The fist time our family "bolted" was when we left Germany to come to Canada. Of course, here we had to get to know the new continent, and when I was 13, my father took his mother and 2 eldest children, (I'm no.1) on a sightseeing trip of over 1000 miles to Yellowstone Park. After I finished high school, I went to France and Germany for a year each, but not before our whole family, parents and 4 kids, took a tour from the prairies to California with stops in between. I bolted any number of times in France and Germany to investigate ruins and furnished castles. Then I returned to Canada and...

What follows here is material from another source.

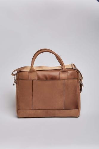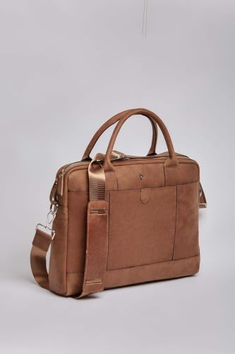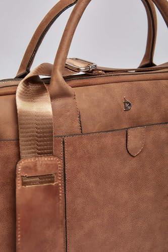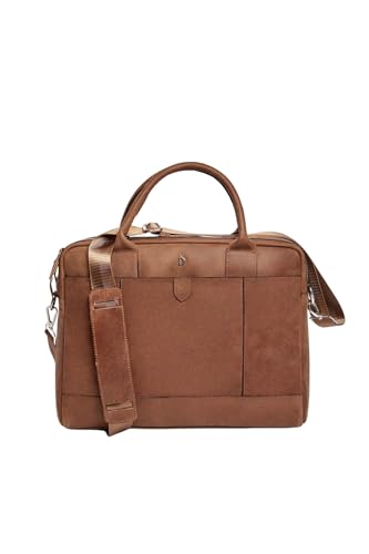 DALYDRESS - شنطة كمبيوتر محمول من الجلد الطبيعي للرجال، مزودة بسوستة أمامية وحزام كتف قابل للتعديل من دالي دريس، بني، مقاس موحد

Well, I think you might get the picture. I just love traveling. Some I did solo, some with friends or family. I was never disappointed and hope to travel some more soon. I've always loved to learn more about other cultures and places, and books helped me do that as well. And I love hearing about other people's travels.
(Sigrun Schulz 11:42pm May 24, 2010)

I've never been a bolter. Would love to read your book. Great interview.
(Brenda Rupp 11:46pm May 24, 2010)

I am known to bolt, but not always. Interesting topic.
(Mary Preston 1:17am May 25, 2010)

I am a bolter and I enjoy it,
I love learning about my family and the things thay did in there lives. I am adding your book to my summer must read
(Vickie Hightower 9:40am May 25, 2010)

Bolting, I love the term. My husband
was an Air Force brat and then in the
Air Force himself. I was from a family
where all the relative lived in the same
town and nobody left. I bolted first
chance I got. First Peace Corps
training across the country in San
Francisco (as far from Upstate New
York in so many ways as you could
get) for training and then to the
Philippines for 3 years. I travel all over
the country every opportunity I had. At
the end of my tour, I had a three
month trip planned from Singapore, to
Indonesia & Bali, Malaysia, Thailand,
India, then through the Middle East. I
made it as far as Bali, then back to
Singapore before getting new my
Mother was dying and I flew home.
Would love to do that trip, but I am
almost 40 years older, and it wouldn't
be the same.
I married an Air Force man figuring my
travels would continue. Two years
after our wedding, he was transfered
to my home town where we spend the
next 7 years. Not part of my plan. Wr
had 3 more good assignments -
Colorado, Sacramento, CA and
Washington DC. We retired to
Tennessee Which was half way
between our families. Sounded good
at the time, but it is 12 hours to one
and 15 hours to the other. We are
kind of stuck, can't afford to move.
We do however travel whenever we
can. We took advantage of all the
places we lived, seeing as much of the
country as we could. We are now
either revisiting places we liked or
exploring new places. We are finally
going to the Everglades and Key West
in a few weeks. Just in time for the oil
spill and hurricane.
I can be packed and ready to go at a
moments notice and am more than
willing to do so. My DH will probably
retire in a couple years (if the house is
paid off), then look out. We are
bolting for Scotland, Ireland, England
on our first trip and then where ever
else we might feel like going.
(Patricia Barraclough 3:14pm May 25, 2010)

I never thought that I would be a bolter, but after my husband lost his job and we lost our house and everything, I had no choice but to become a bolter. Fortunately we are now in a new area, and I love it. That bolting instinct never leaves your blood, and if the opportunity arises again, I could do it in a heartbeat!!